Evidence within compendia to support the off-label use of targeted cancer therapies varies widely and is rapidly evolving, making it difficult to draw solid conclusions regarding safety and efficacy, according to a draft technology assessment report released for comment by the Agency for Healthcare Research and Quality. Researchers from the Duke University Evidence-based Practice Center prepared the systematic review of eight targeted therapies and 19 respective off-label indications. The indications were derived from a list of all targeted therapy drugs available through the end of 2006 and for which compendia in the 2006 versions provided clear recommendations.

The report was prepared at the request of CMS. The draft notes that CMS "requested a technology assessment of efficacy and safety of selected targeted therapies when prescribed for off-label indications" and "will consider this information as background to its further discussion of coverage for and policies regarding targeted therapies." Comments on the draft are due to AHRQ by Nov. 16.

A CMS spokesman said this technology assessment will help inform work the agency is doing with the Medicare Evidence Development and Coverage Advisory Committee during a January 2010 meeting on pharmacogenomics testing in cancer. In the meeting announcement, CMS said it convened the panel "to consider and make recommendations to CMS regarding the evidence that supports the use of pharmacogenomic testing in the diagnosis and treatment of cancer." There currently is not a national coverage determination for this kind of testing.

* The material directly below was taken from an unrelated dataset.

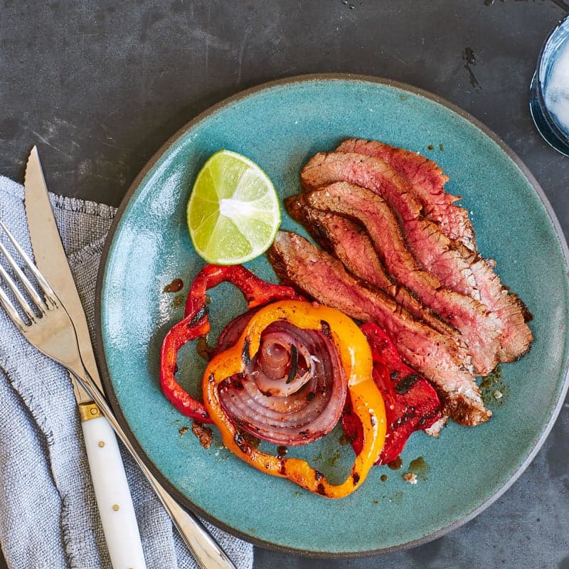Slice steak against grain; serve drizzled with juices from cutting board, grilled vegetables and a squirt of fresh lime juice.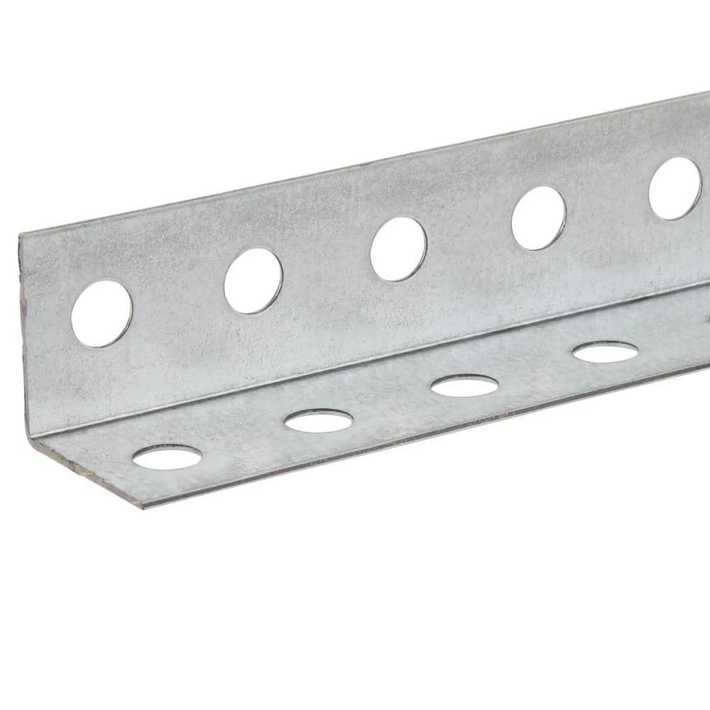 Commonly used for construction of bicycle racks, bed frames, motor mounts and other functions, this Zinc-Plated Punched Angle is available in many sizes and can be easily cut to your desired length. Perfect for storage shelving, garage door track frames and corner bracing.

The agency is seeking "guidance from the panel to inform future coverage determinations," the notice added. "We want to ensure that Medicare beneficiaries have access to any demonstrated improved health outcomes of pharmacogenomic testing, and are protected from inaccurate or inappropriate pharmacogenomic testing that could compromise therapy or increase the risks of adverse events during therapy."

FDA Commissioner Margaret Hamburg recently said the agency is looking into pharmacogenomics regulatory policies, but the process could take a while.

Varied Quality Of Data

Among the key findings noted within the draft report was the disparity in the quality of data used in off-label listings.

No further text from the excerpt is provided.